Git Internals 2: Initialize new directory with plumbing commands

In the previous post I went over the internal workings of git commands. In this post we initialize a new git repository only using linux utilities and git plumbing commands.

What are plumbing commands:

In an analogy drawn from toilets, git has two types of commands: Plumbing and Porcelain commands.
Porcelain commands are high-level and abstract away lot of the internal working whereas Plumbing commands are low-level and allow you to actually look “under the hood”.

examples of porcelain commands:

git init
git add
git commit -m "text"

examples of plumbing commands:

git hash-object
git cat-file
git commit-tree
git update-ref

don’t worry if you haven’t seen these commands earlier. This post will show the basic required usage in an example.

Initializing an empty git repository: Porcelain

If you’re reading this tutorial, chances are you have probably initialized a git repository at some point in time. To create a new repository and commit to it is pretty straightforward with porcelain commands:

git init
git add .
git commit -m "initial commit"

Now, we’ll look under the hood of how git works as we try to accomplish this with plumbing commands.

Initializing and Commiting with Plumbing

Definition: A repository is a collection of commit objects used to track changes in a directory.
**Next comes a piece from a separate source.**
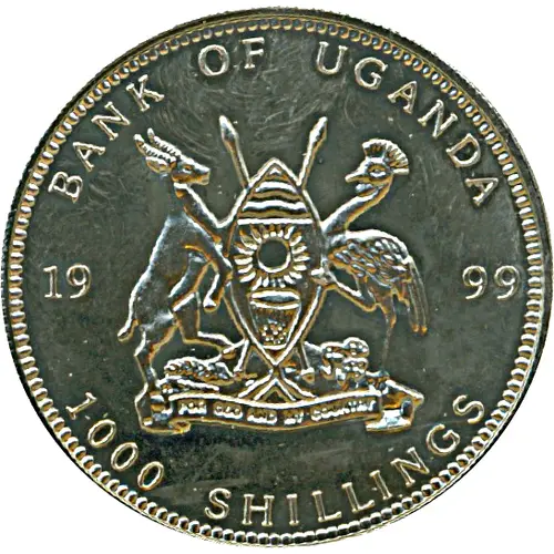 | Obverse lettering | BANK OF UGANDA 19 99 FOR GOD AND MY COUNTRY 1000 SHILLINGS |

Definition: A working tree is a directory associated with a certain repository.

The repository is initialized in a .git directory.
Git doesn’t commit directly from the working tree, everything must go through a staging area. This is tracked by a file called index in your .git directory.
For tracking changes, a repository basically needs to store the objects (stored in objects directory) and a system for naming those objects and the different versions they have (stored in refs directory).
Adding both of these, this is what our directory looks like currently:
```
.git
├── refs
└── objects
```
however, this is not enough (as we can see if we use git log or git status in the parent directory). We are missing a HEAD pointer which should point to a commit object ahead of which our new commit will be inserted. But from the previous post we know that a commit object is nothing but a snapshot of a tree object i.e. a pointer to a tree object. For this we will use the following commands

git hash-object -w

This basically creates a hash of an object and writes it to your objects folder. It uses multi-level hashing so the first two letters of the hash are used to create a directory and the rest of the hash letters are stored as files within that directory.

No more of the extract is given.